ABOUT THIS EXERCISE
Look below for the line containing "- 送料無料 サイドマーカーランプ" and the line containing "It is recommended", then set down both and every line between them exactly, without pictures.

DATA FOR PROCESSING
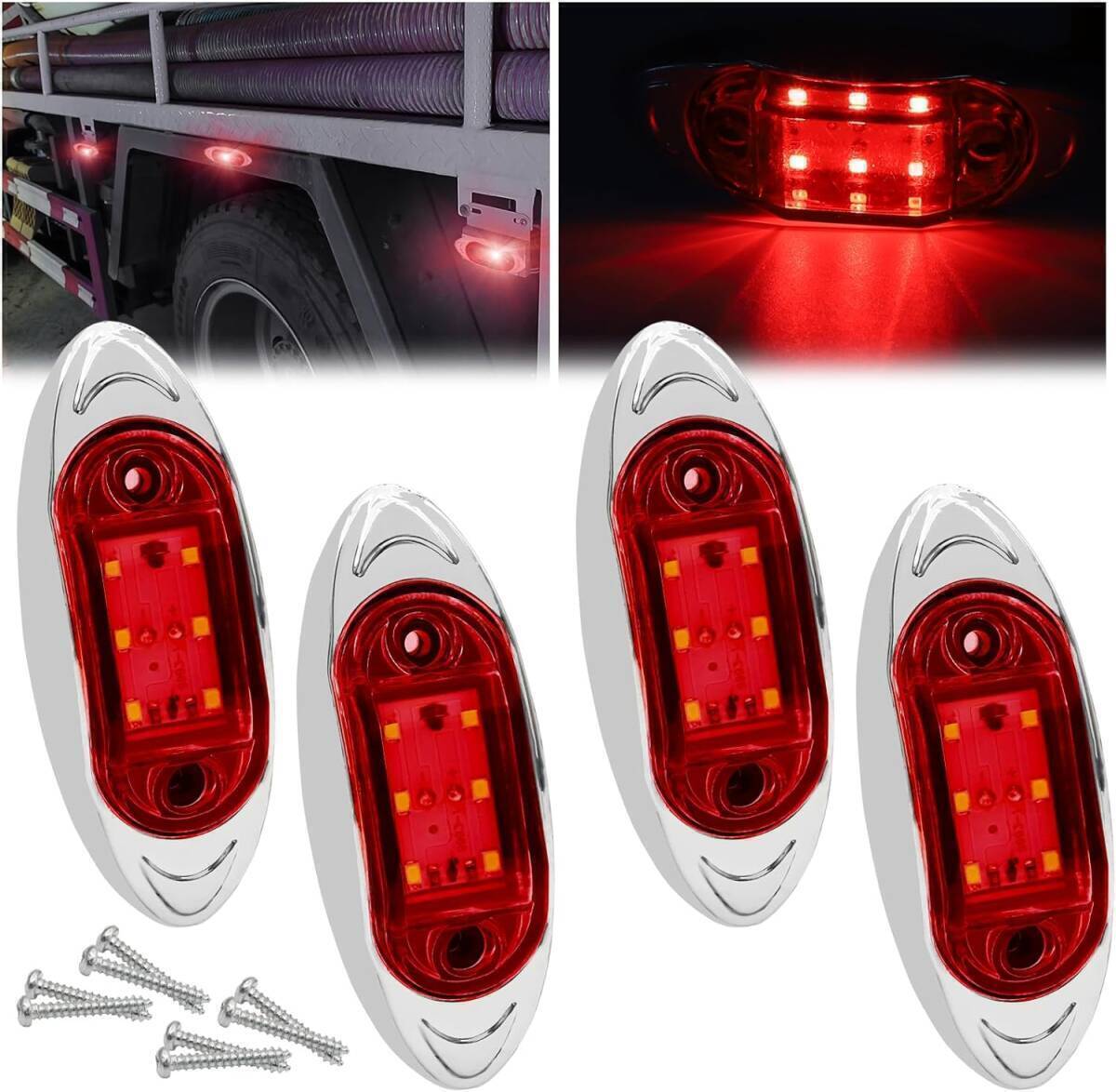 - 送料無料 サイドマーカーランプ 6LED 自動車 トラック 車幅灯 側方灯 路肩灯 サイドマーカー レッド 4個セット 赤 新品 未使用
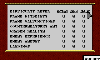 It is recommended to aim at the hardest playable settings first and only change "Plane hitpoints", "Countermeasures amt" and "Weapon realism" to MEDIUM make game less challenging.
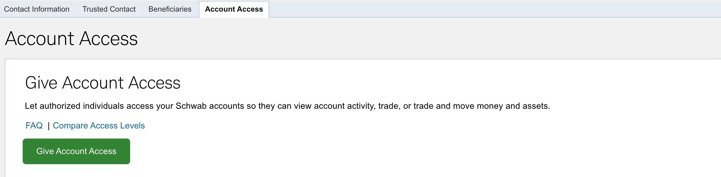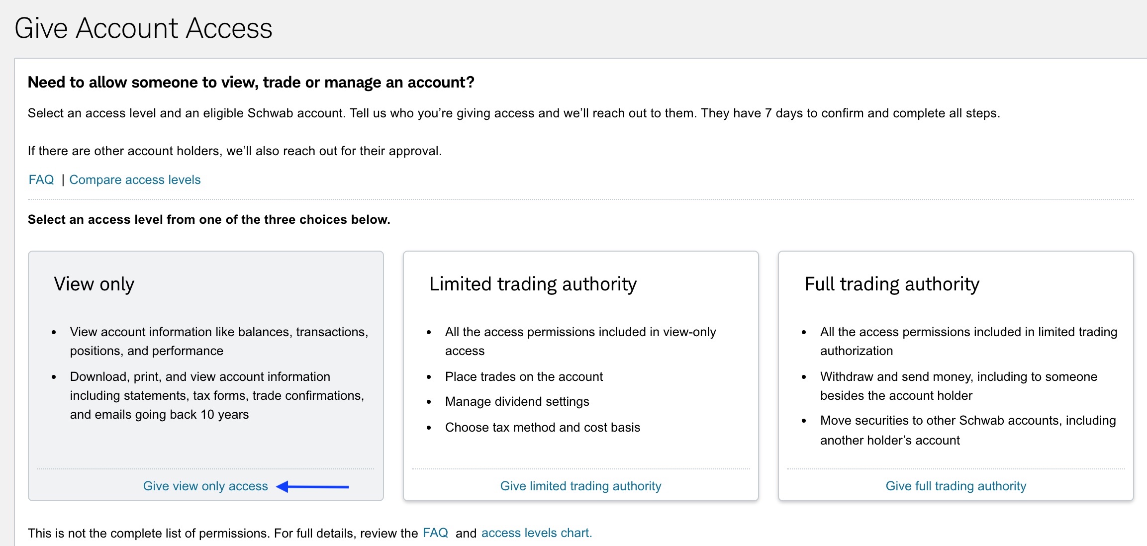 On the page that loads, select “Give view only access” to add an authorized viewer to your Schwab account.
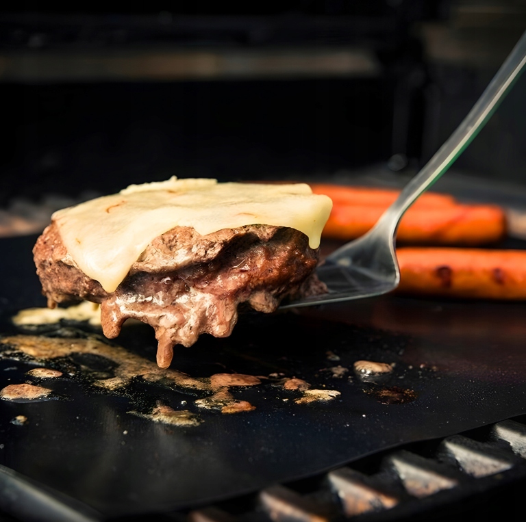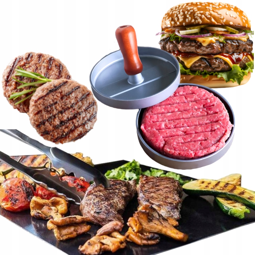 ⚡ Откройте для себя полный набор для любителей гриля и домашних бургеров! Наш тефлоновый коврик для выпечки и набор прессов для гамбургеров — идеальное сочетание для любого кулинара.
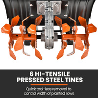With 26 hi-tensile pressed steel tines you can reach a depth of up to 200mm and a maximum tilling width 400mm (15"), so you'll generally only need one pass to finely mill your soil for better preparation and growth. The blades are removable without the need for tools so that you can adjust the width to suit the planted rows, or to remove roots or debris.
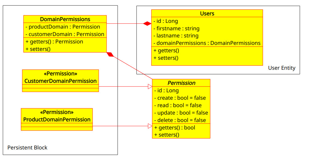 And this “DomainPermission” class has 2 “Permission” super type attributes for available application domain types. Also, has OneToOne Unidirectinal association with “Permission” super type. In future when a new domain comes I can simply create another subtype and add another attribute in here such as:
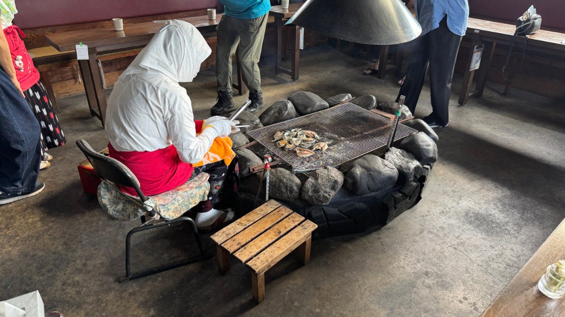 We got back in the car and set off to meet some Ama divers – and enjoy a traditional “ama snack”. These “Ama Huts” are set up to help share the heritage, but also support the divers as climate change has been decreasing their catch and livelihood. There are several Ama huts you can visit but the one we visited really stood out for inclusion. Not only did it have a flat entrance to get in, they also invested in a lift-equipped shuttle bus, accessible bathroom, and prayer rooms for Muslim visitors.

--

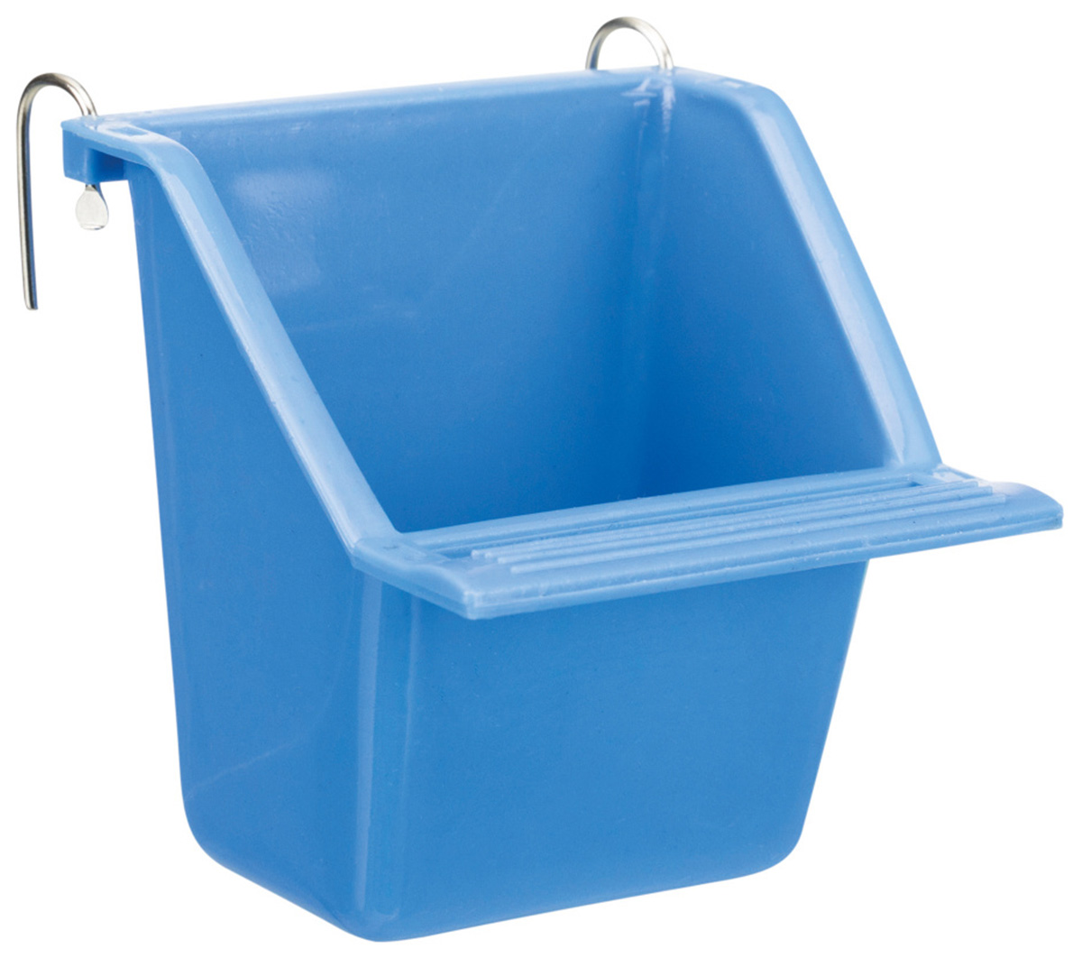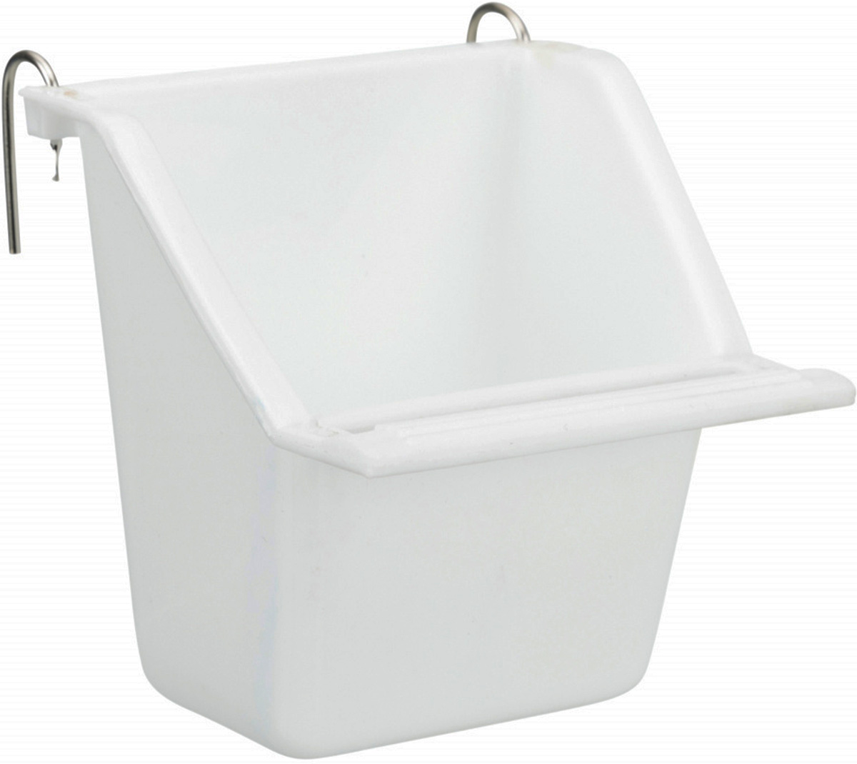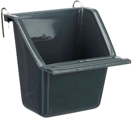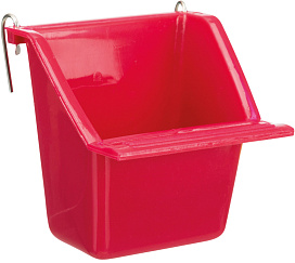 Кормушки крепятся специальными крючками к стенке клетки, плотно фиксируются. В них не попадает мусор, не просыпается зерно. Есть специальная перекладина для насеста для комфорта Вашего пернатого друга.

* * *

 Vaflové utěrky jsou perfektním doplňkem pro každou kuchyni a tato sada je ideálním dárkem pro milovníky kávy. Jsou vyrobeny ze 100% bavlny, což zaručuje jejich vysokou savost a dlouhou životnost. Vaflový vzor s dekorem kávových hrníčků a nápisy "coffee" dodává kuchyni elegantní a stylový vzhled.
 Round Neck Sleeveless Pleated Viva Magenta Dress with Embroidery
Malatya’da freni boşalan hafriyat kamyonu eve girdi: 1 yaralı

EXERCISE OUTPUT
 - 送料無料 サイドマーカーランプ 6LED 自動車 トラック 車幅灯 側方灯 路肩灯 サイドマーカー レッド 4個セット 赤 新品 未使用
 It is recommended to aim at the hardest playable settings first and only change "Plane hitpoints", "Countermeasures amt" and "Weapon realism" to MEDIUM make game less challenging.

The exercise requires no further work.